Hitting something (as in just achieving intercept rather than matching orbit and phase) is always cheaper than getting there, so technically you can always just drop a bunch of missiles or drones almost straight down by cancelling their orbital velocity around Neptune and bust a brain trying to figure out exact burns to achieve exact intercept at tens of km/s perpendicular.
When going places tends to take days to years busting brains is always going to be the more affordable and practical option than burning delta-v and drones/missiles don't need their return ticket - no one will get angry if you just drop them into Neptune after use.
If anything a defensive orbit would be the highest possible one, where you can wiggle your plane and apses cheaply.
Ok, for low-mass bodies low orbit might be a good defence as it allows physically hiding behind the body in question as the gravity is too weak to fix your trajectory if you don't want it to.
This is a bit outside the usual scope of the game but the more you go up in power levels the easier it gets to do perpendicular intercepts, because eventually the sphere of influence of your railguns and lasers become so large that it only really matters if you are on the same side of the planet as your target.
But on low, 'defensive' orbits: how would you go about attacking a stellar laser?

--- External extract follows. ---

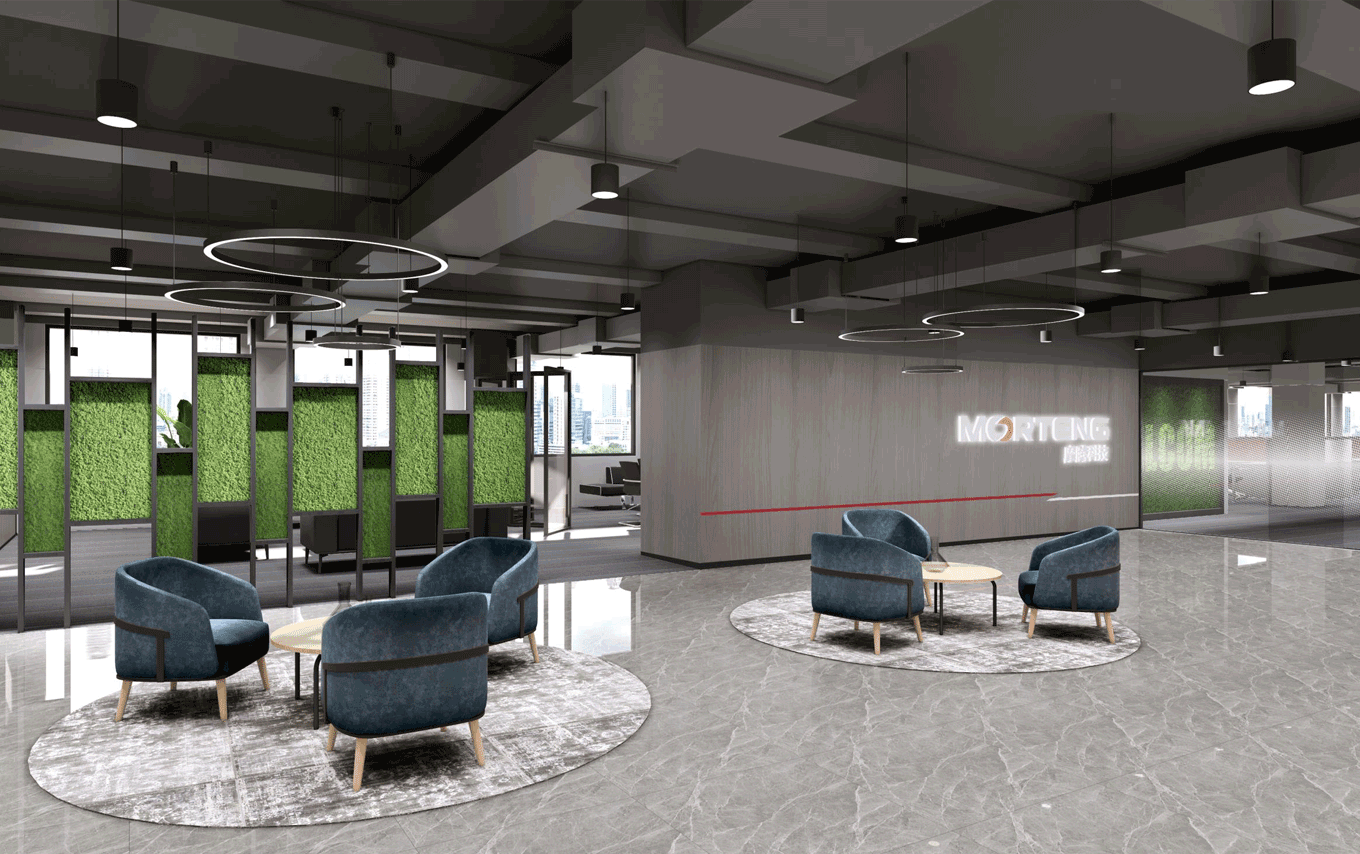 寫字樓形象、辦公空間的展示,也是客戶接觸的一個重要懷節,寬大的空間感,品牌標志的精細感。

Say your target is a pair of or small array of multiple kilometer wide foil mirrors in very low orbit of Sol using Sol's upper atmosphere as a lasing medium. Say this particular laser is on a scale where it has an effective range of something like 250 terameters (so Mars aphelion) with usable beam coherence and energy per meter squared. Say you've settled the Jovian system and the asteroid belt and you have a decade to develop a solution before a new array comes online and it becomes a serious threat. What do?